== Segment start ==

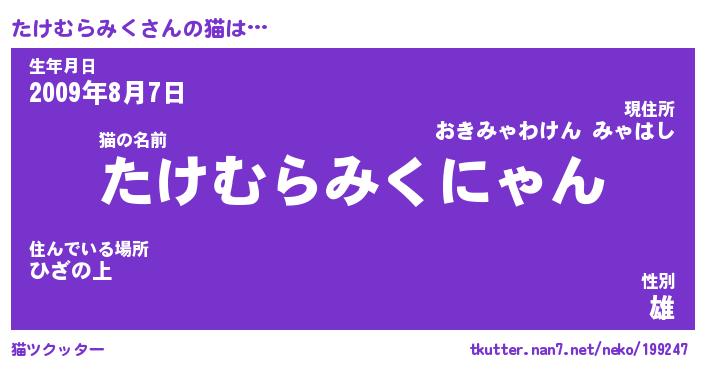 | 生年月日? …「くろねこ」 | 8月01日 10:16 |
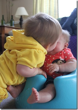 Taylor had a lunch/play date today with her girlfriend, Sophie. After her nap, she was well rested and ready to play! Sophie is 4 months old now, and it’s so cute watching the two of them play and interact. Taylor is so into babies these days. She wants to touch them and kiss them right in the face!
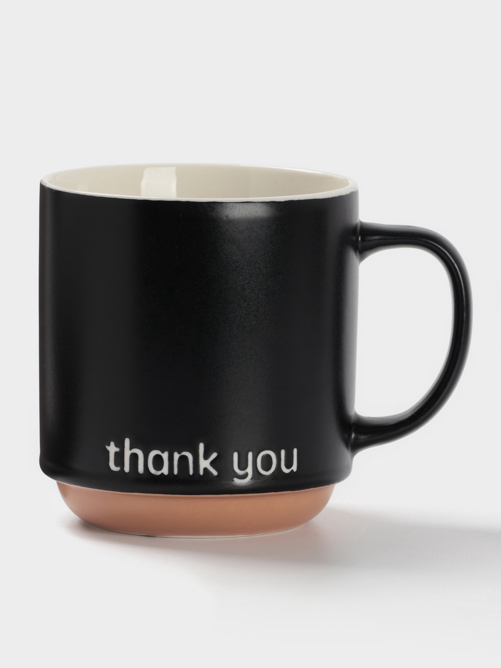 Кружка доляна Thank You, фарфор, 420 мл, 12 9 10 см, фарфор, чёрная
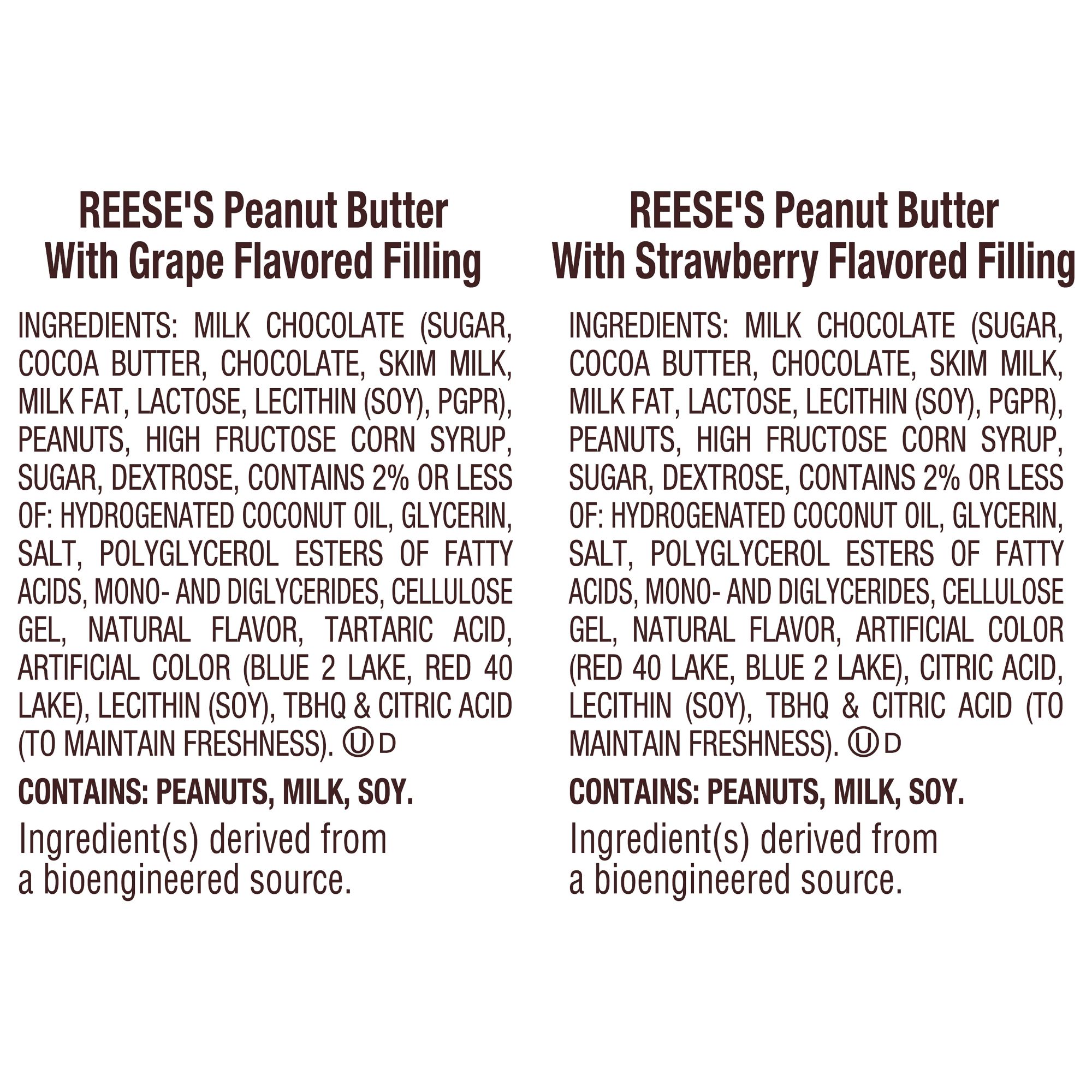Get ready to taste perfection! You can't beat the old-fashioned, match-made-in-heaven when it comes to creamy milk chocolate combined with delicious peanut butter, now with a decadent layer of strawberry and grape flavored filling. Reese's PB&J Assorted Flavored Milk Chocolate Snack Size Peanut Butter Cups are ready to be your go-to snack. Bring a few packs along to the next sporting event, party, movie marathon, game night and so many other activities for an extra bite of nostalgic goodness. Store a few packs in your pantry to easily slip into lunch boxes and purses for a midday surprise. These strawberry and grape flavor-filled peanut butter Reese's cups are a sweet delight that you can bite, break, dunk or nibble on. Dunk one into a cold glass of milk, a cup of hot chocolate or your coffee to experience the melty goodness. Put a unique twist on cookies, cupcakes and ice cream sundaes with whole, halved or crumbled Reese's cups. These kosher certified and gluten free treats go well with almost everything, especially during your holiday celebrations. Add a pack to Christmas stockings, Halloween candy bowls, Valentine's Day gift bags and Easter baskets. Just don't forget to save a few Reese's PB&J Assorted Flavored Milk Chocolate Snack Size Peanut Butter Cups for yourself!
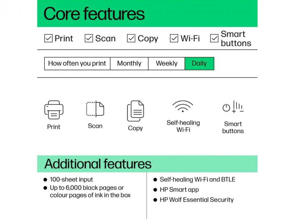 - Wireless; High-volume printer tank; Print from phone or tablet; Scan to PDF
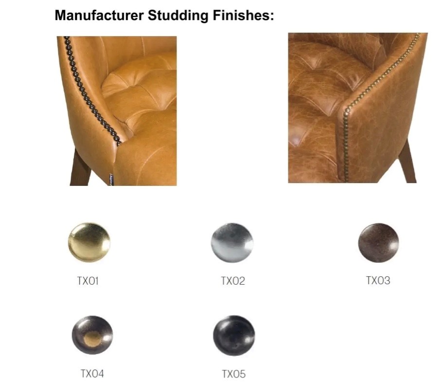 Royale Lounge Chair / Curved Back For Added Comfort / Button Back Seat And Internal Back For Added Upholstery Detailing / Can Be Upholstered In Fabric, Vinyl Or Leather / Nail Head Detailing On Outer Back In Various Metal Colour Finishes / Beech Tapered Legs / On Glides / Upcharge For Additional Wood Stain Finishes / Upcharge For Two Tone Upholstery / Ideal For All Restaurants, Hotels, Steakhouses, Country Clubs And Casinos
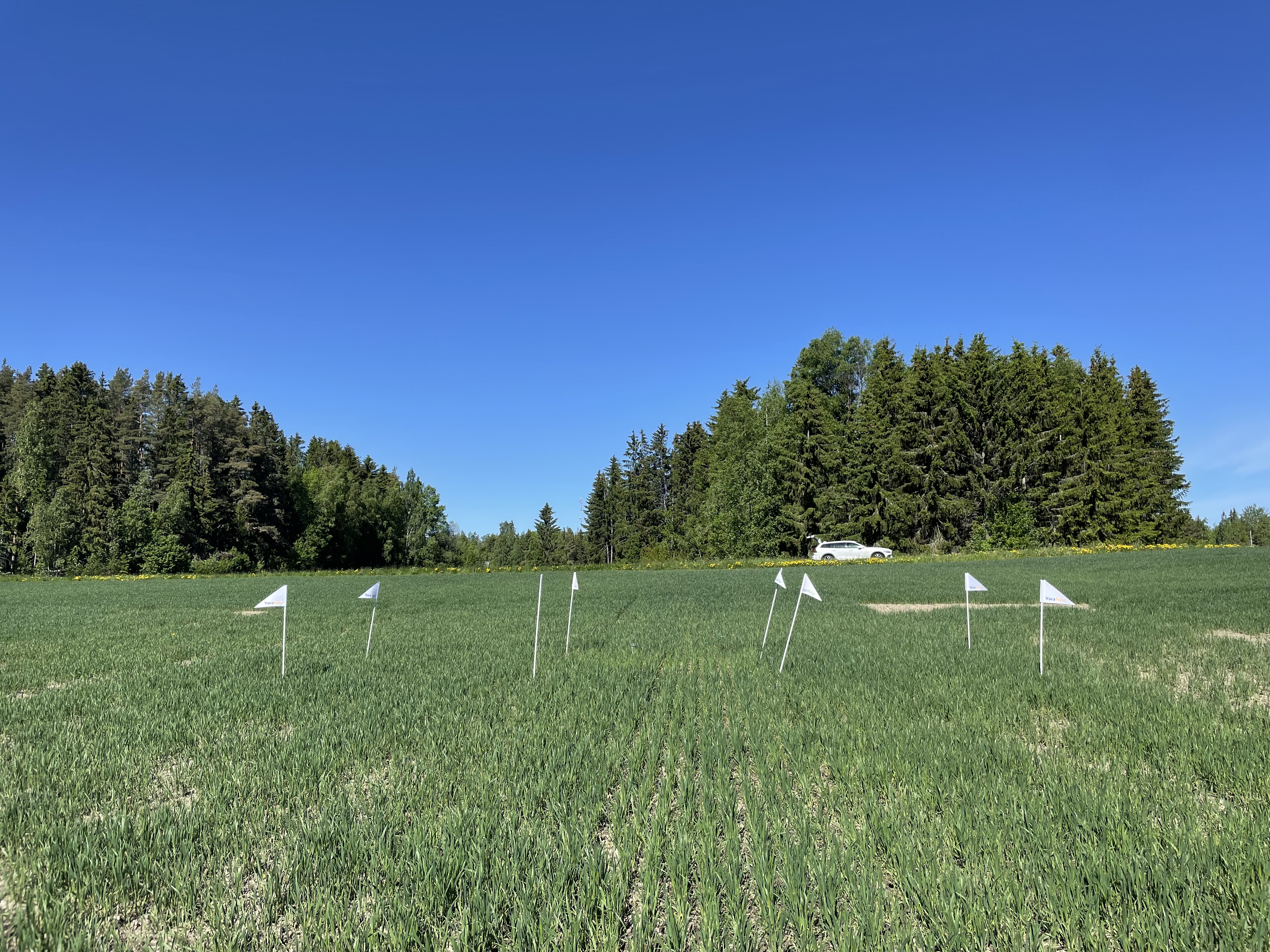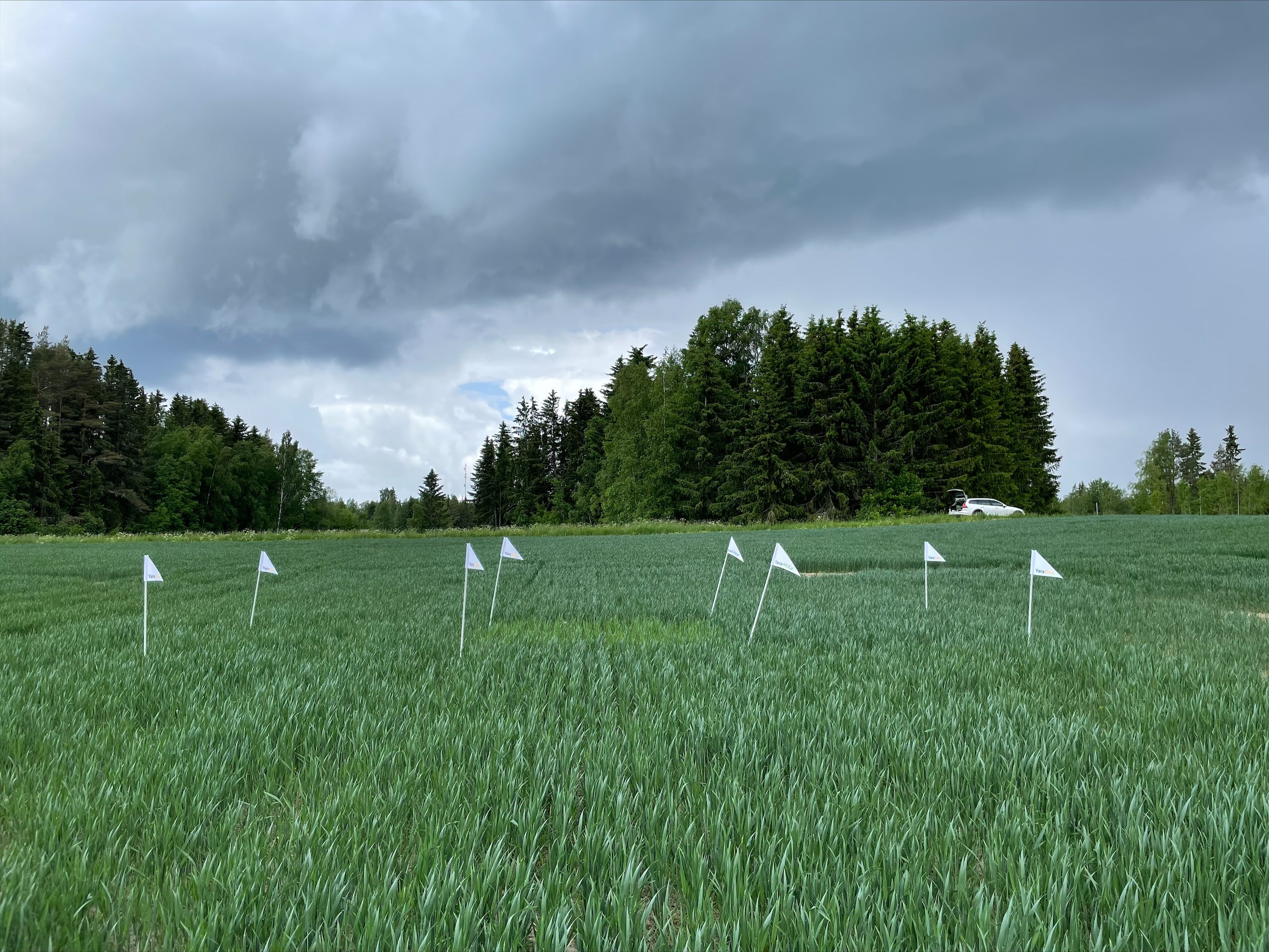 Kasvusto on pensomisvaiheen alussa. Typenotto on vielä maltillista, mutta niin N-Sensorilla kuin myös Atfarmin valokuva-analyysilla ruutujen välille on tullut eroja. Myös silmämäärisesti valokuvasta näkee, että oikealla olevalla ylilannoitusruudulla kasvimassaa on eniten.

== Segment end ==

Task
Repeat exactly the lines from the start of the entries down to the line with "Кружка доляна Thank", keeping both ends but none of the pictures.

Task result
 | 生年月日? …「くろねこ」 | 8月01日 10:16 |
 Taylor had a lunch/play date today with her girlfriend, Sophie. After her nap, she was well rested and ready to play! Sophie is 4 months old now, and it’s so cute watching the two of them play and interact. Taylor is so into babies these days. She wants to touch them and kiss them right in the face!
 Кружка доляна Thank You, фарфор, 420 мл, 12 9 10 см, фарфор, чёрная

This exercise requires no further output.